## Task description
Restate word for word only the lines running from the one with "Раскрась карточки с" to the end of the data, both ends included. Omit any pictures.

## Information shown

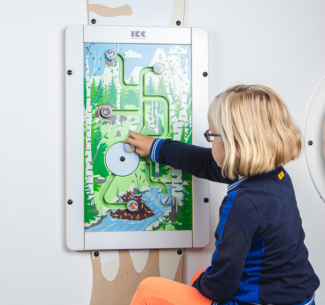 Into the Woods, w lesie to gra, w której dzieci mają za zadanie przyporządkować zwierzęta i przyprowadzać je z powrotem do domu. Prostokątna gra ścienna ma naturalną, nowoczesną ramkę wykonaną ze sklejki brzozowej z białym malowanym frontem, który pasuje do wielu miejsc. Ta gra ścienna może być używana jako samodzielny element do zabawy lub w połączeniu z istniejącymi produktami IKC, aby stworzyć zabawny kącik zabaw. Ta gra jest przeznaczona dla dzieci w wieku od 2 do 8 lat.
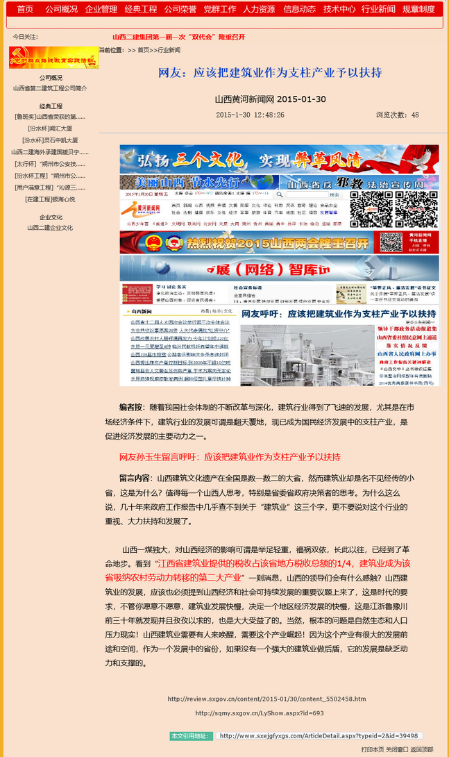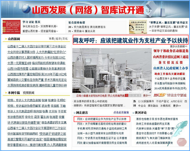 這是2015年1月30日,黃河新聞網(wǎng)在首頁(yè)頭條突出位置刊登我給省委書記王儒林的建言。
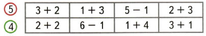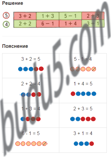 Раскрась карточки с ответом 5 красным цветом, а карточки с ответом 4 - зелёным.
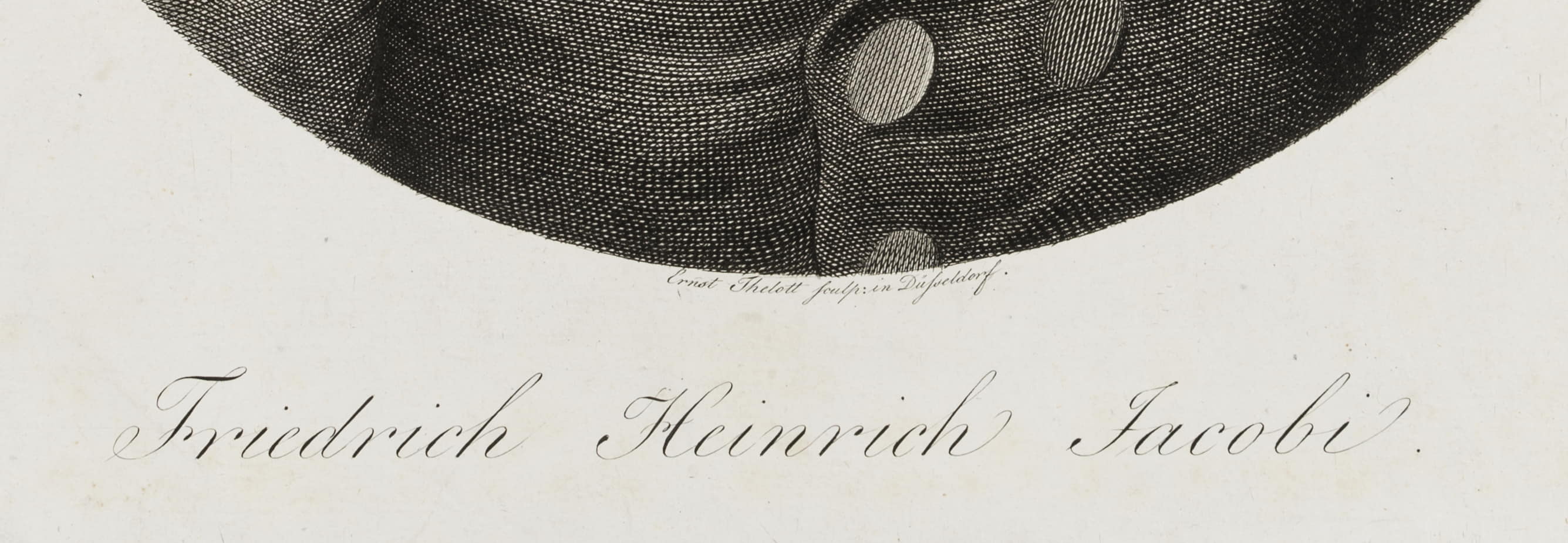 - Bezeichnung: Unten mittig im Druck signiert: “Ernst Thelott sculp: in Düsseldorf.”. Unten mittig im Druck bezeichnet: “Friedrich Heinrich Jacobi”.

## Output
 Раскрась карточки с ответом 5 красным цветом, а карточки с ответом 4 - зелёным.
 - Bezeichnung: Unten mittig im Druck signiert: “Ernst Thelott sculp: in Düsseldorf.”. Unten mittig im Druck bezeichnet: “Friedrich Heinrich Jacobi”.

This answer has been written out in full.